Maryland is the only state that imposes an inheritance tax on property that passes under a Will, intestate laws, under a trust, deed, joint ownership, retirement accounts or otherwise. Life insurance proceeds are exempt from inheritance tax unless payable to the estate.
Q: What is my taxable estate?
Your taxable estate comprises of the total value of your assets including your home, other real estate, business interests, your share of joint accounts, retirement accounts, and life insurance policies minus liabilities and deductions such as funeral expenses paid out of the estate, debts owed by you at the time of death, bequests to charities and value of the assets passed on to your U.S. citizen spouse. The taxes imposed on the taxable portion of the estate are then paid out of the estate itself before distribution to your beneficiaries.
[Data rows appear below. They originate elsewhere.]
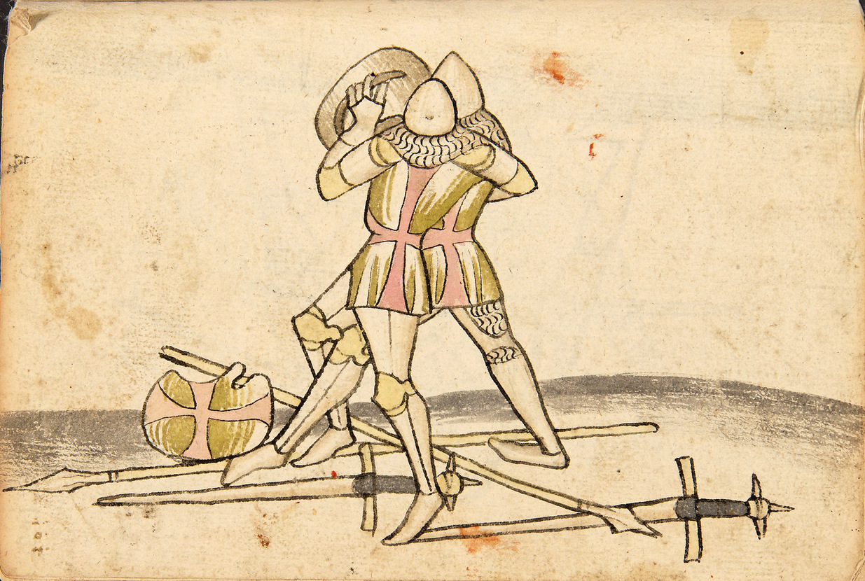 Do you have permission to re-use this image? Just because scans appear on Wiktenauer does not mean that they are free to use. Wiktenauer is a 501(c)(3) nonprofit, and many of the scans we host are only licensed for nonprofit use. In other cases, the scans have no standard license and Wiktenauer has received special permission to host them (and can't grant that permission to anyone else). The license terms appear in the Copyright and License Terms box at the bottom of the page that sent you here. When in doubt, always check with the museum or library that owns a manuscript before publishing or otherwise reusing its scans. |
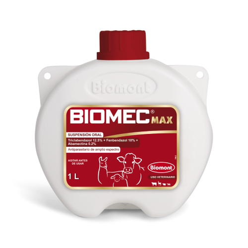 BIOMEC MAX está indicado para el tratamiento y control de nemátodos gastrointestinales, nemátodos pulmonares, céstodos (tenias), ectoparásitos y todos los estadios de desarrollo de Fasciola hepatica (inmaduras jóvenes, inmaduras y adultas) desde la primera semana de edad.
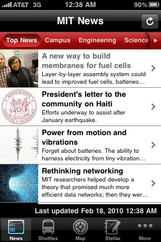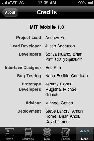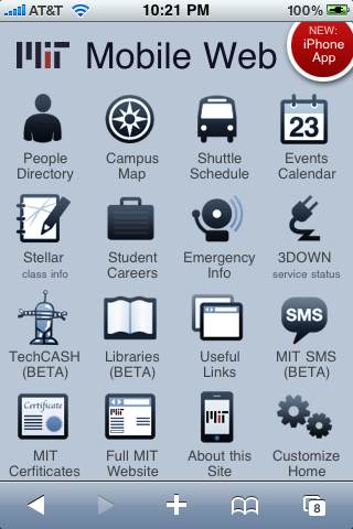 MIT는 m.mit.edu라는 주소로 거의 모든 휴대폰에 최적화된 모바일웹페이지를 일찍부터 제공하고 있었습니다. 그런데 아이폰앱은 2월초에 막 1.0버전이 처음 나왔습니다. 아이폰이 나오지 얼마안된 한국이라면 이해가 되지만 이미 아이폰출시가 3년이 된 미국에서, 그것도 MIT가 아이폰전용앱을 이렇게 늦게 내놓았다는 것은 좀 이해가 안됐습니다. 물론 훌륭한 앱이긴 하지만요. 그래서 왜 그런 것인지 물어봤습니다.
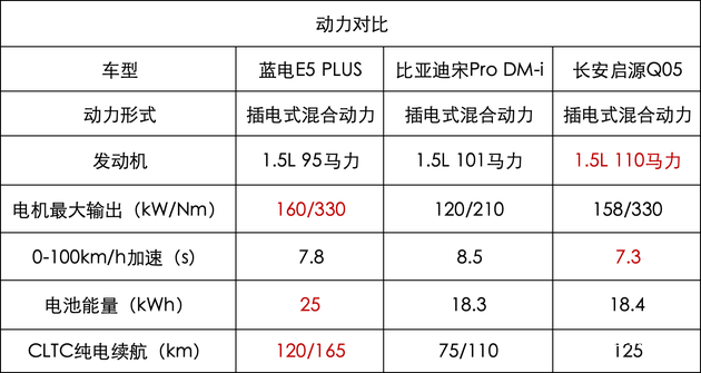三车均采用插电式混合动力,蓝电E5 PLUS和长安启源Q05的电机最大功率旗鼓相当,达到160kW/330Nm左右,接近高功率2.0T发动机的输出。而宋Pro DM-i的电机性能稍弱一些,但三车的零百加速均达到8秒上下,加上电驱为主的输出特性,动力体验自是不差。
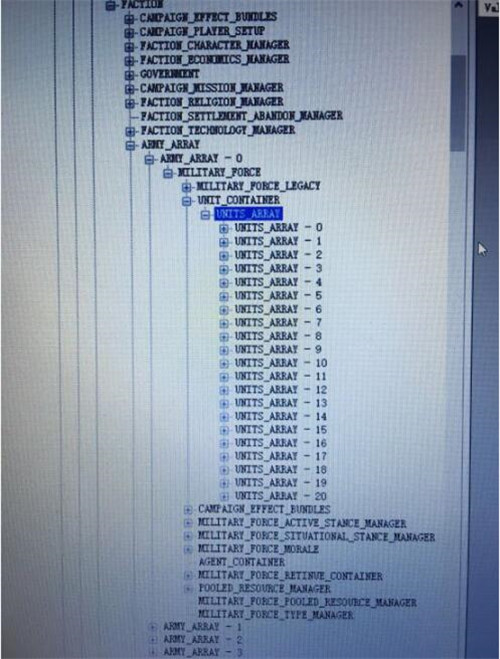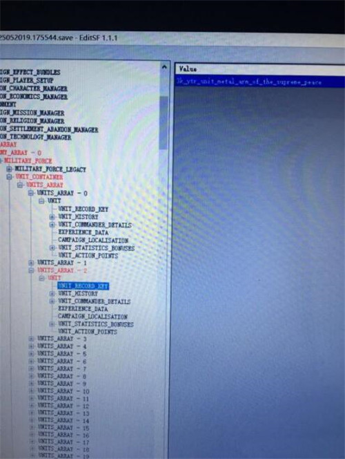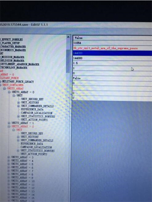 有好几个序号,其中有你的将领部队,还有驻军,你需要找一下分别对应你哪几支部队,打开其中一个,点击unit_container/ units_array/ 这下面就是你某支部队的配置了,你可以找到将领名字或兵种来彻底确认究竟是哪只部队,(一般来说开局默认的满编都是0号。咱们这只army_array-0就是刘关张的满编)unit_array下有0至20共21个数字,就是21支部队,其中3位将领,18支部队。

Q: Who pays taxes on gifts? Do my children have to pay taxes on gifts I give them?
Under Federal gift tax law, there is an annual exclusion amount per spouse of $17,000. By utilizing gift-splitting, a married couple is allowed to double the amount they can give to third parties without incurring gift tax liability. So, for example, if Father makes a lump sum $32,000 gift to Son, the couple can elect to split the gift, and the entire gift will be free of gift tax due to the $16,000 annual exclusion which is doubled to $32,000 for the couple.
Q: How can I minimize estate taxes?
Strategies to minimize estate taxes include gifting assets during your lifetime, setting up trusts, taking advantage of marital deductions, and charitable donations. Consulting with an estate planning attorney or financial advisor is crucial.